La valeur concrète dans des scénarios typiques
Dans les entreprises orientées R&D, de nombreux codes sources et documents techniques existent sous forme de fichiers. Grâce à la gestion des terminaux et à l’audit des envois, l’entreprise peut maîtriser la circulation de ces fichiers, tandis que le chiffrement garantit qu’une copie ne sera utilisable que dans un environnement autorisé.
Dans les secteurs du design et de la fabrication, les plans et fichiers de conception circulent fréquemment entre départements et projets. L’approche de Ping32 permet de conserver l’efficacité de collaboration tout en maintenant un état auditable et traçable.
Dans les fonctions finance et RH, les fichiers contenant des données personnelles et des informations de gestion bénéficient d’une gestion unifiée et de traces d’audit, réduisant les erreurs internes et les risques de conformité.
FAQ (Questions fréquentes)
Q1 : Ping32 est-il uniquement adapté aux grandes entreprises ?
R : Le mode de déploiement et le modèle de gestion de Ping32 sont progressifs, ce qui convient aux entreprises souhaitant construire leurs capacités DLP étape par étape.
Q2 : L’audit des envois de fichiers perturbe-t-il le travail quotidien des employés ?
R : Les traces d’audit sont principalement basées sur l’enregistrement et ne modifient pas les habitudes ni les flux de travail.

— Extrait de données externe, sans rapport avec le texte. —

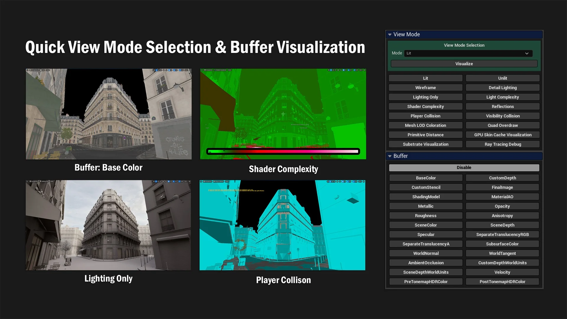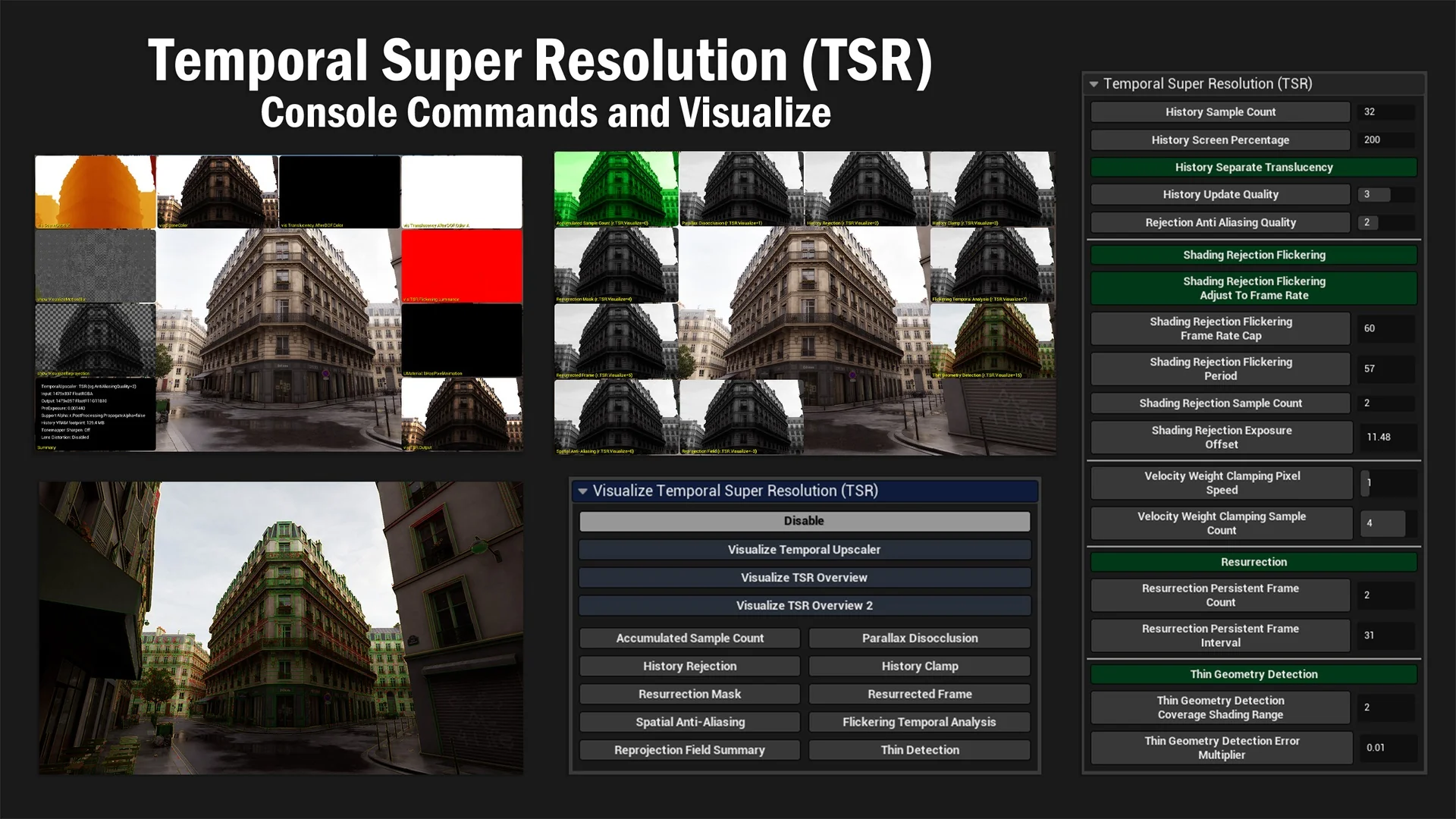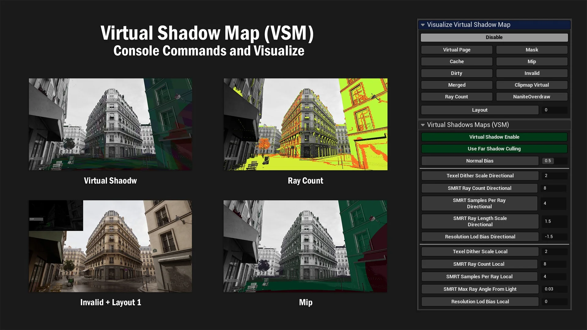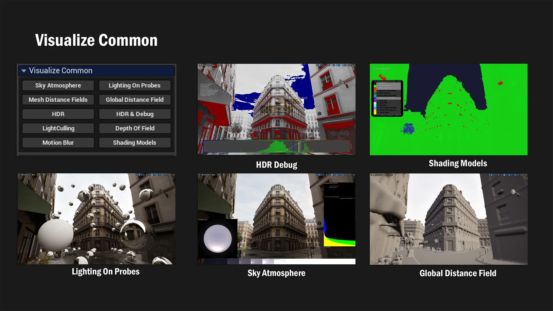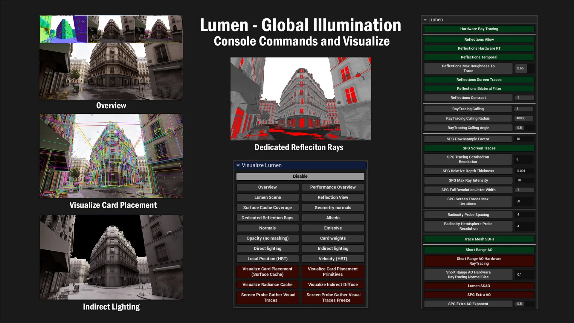 Rendering commands are grouped by specific features such as Lumen, TSR, and Virtual Shadow Maps. These selections represent some of the most interesting and practical rendering-related commands available. Moreover, the tool includes dedicated visualization commands. These are helpful for debugging common issues within Lumen or Virtual Shadow Maps by revealing hidden engine modes.

Q3 : Ping32 nécessite-t-il une intégration profonde avec les systèmes bureautiques existants ?
R : Ping32 repose surtout sur la gestion côté terminal et ne dépend pas de modifications des systèmes métiers.
Q4 : Combien de temps les données de traces peuvent-elles être conservées ?
R : La durée de conservation est configurable selon les besoins de conformité et de gestion de l’entreprise.
Q5 : Ping32 prend-il en charge une gestion unifiée de plusieurs canaux d’envoi ?
R : Ping32 peut identifier et enregistrer de manière unifiée les scénarios courants d’envoi de fichiers et de téléversement web.